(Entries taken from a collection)

··········

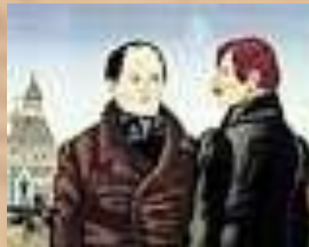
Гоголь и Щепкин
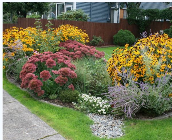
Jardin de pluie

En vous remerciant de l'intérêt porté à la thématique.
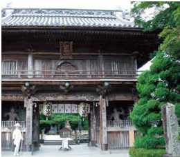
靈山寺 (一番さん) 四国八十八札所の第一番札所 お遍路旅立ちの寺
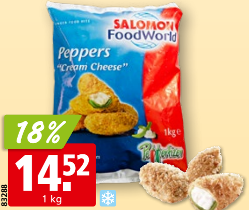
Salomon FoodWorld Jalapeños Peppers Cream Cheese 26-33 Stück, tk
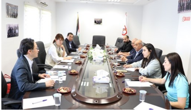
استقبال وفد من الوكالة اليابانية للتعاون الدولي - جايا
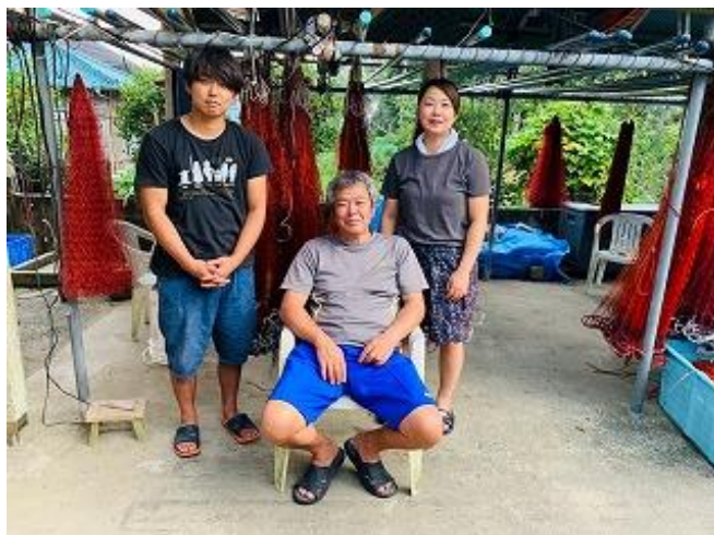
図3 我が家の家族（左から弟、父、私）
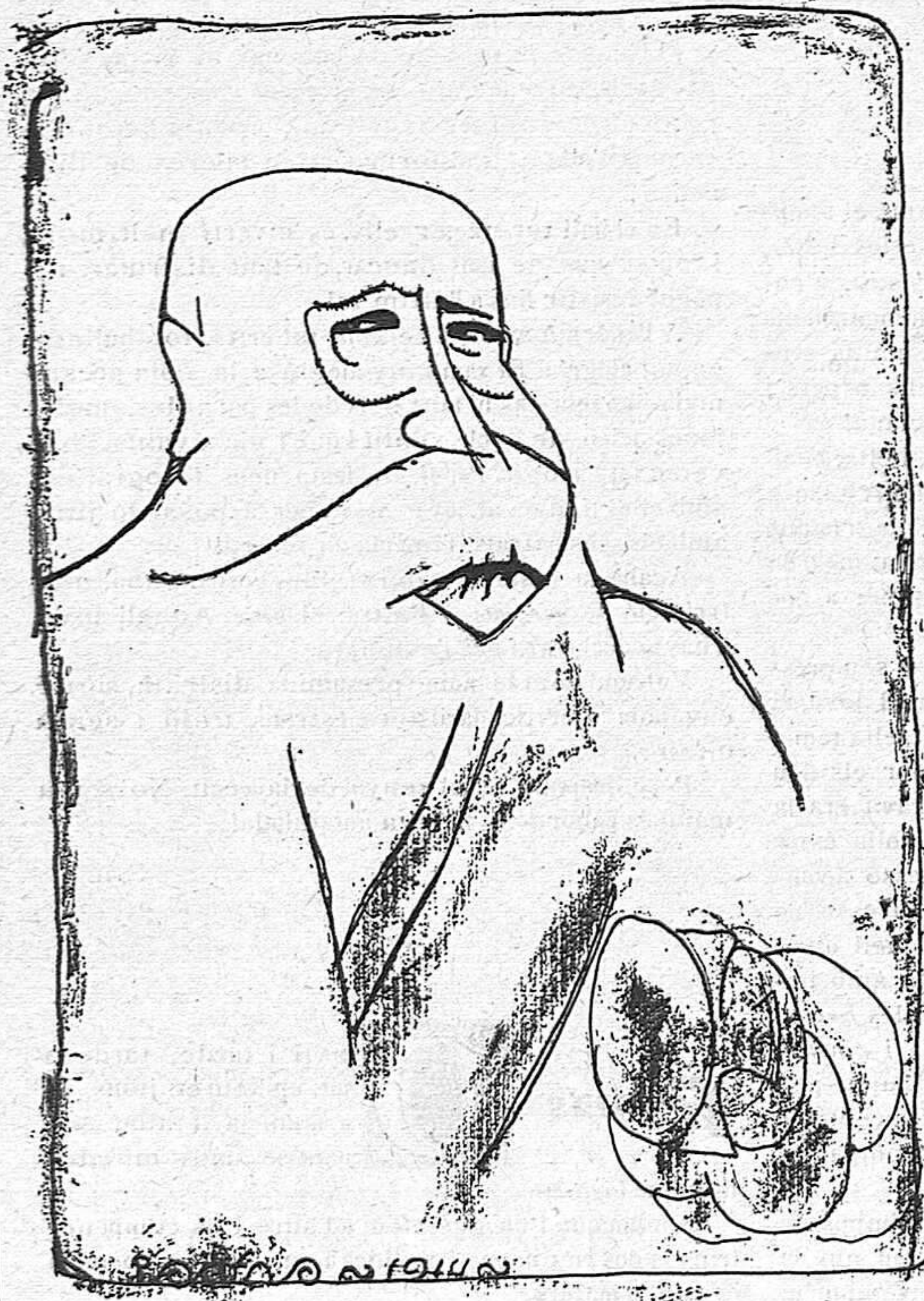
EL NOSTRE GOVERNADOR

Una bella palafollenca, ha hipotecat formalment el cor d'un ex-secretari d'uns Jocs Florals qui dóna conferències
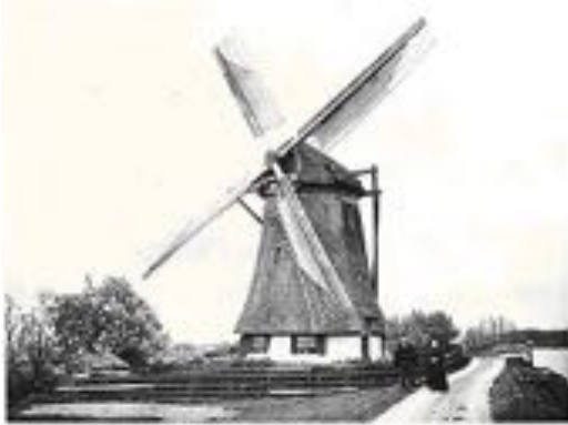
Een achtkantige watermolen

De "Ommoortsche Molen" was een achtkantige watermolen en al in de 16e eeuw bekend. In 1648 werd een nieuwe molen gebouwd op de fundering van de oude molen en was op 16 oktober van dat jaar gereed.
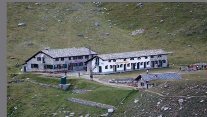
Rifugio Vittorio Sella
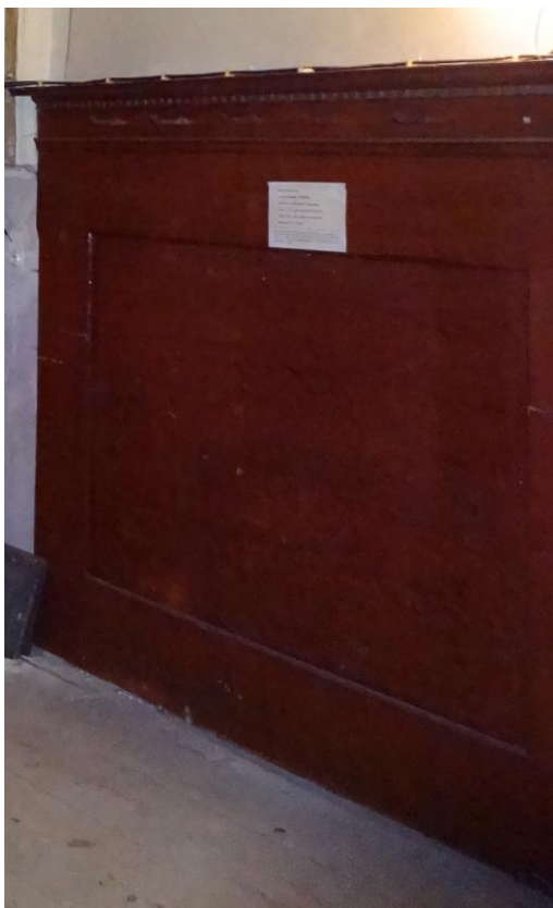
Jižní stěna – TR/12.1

··········

**Action item:**
Go through the data and gather every line that holds "achtkantige".

**Solution for this task:**
Een achtkantige watermolen
De "Ommoortsche Molen" was een achtkantige watermolen en al in de 16e eeuw bekend. In 1648 werd een nieuwe molen gebouwd op de fundering van de oude molen en was op 16 oktober van dat jaar gereed.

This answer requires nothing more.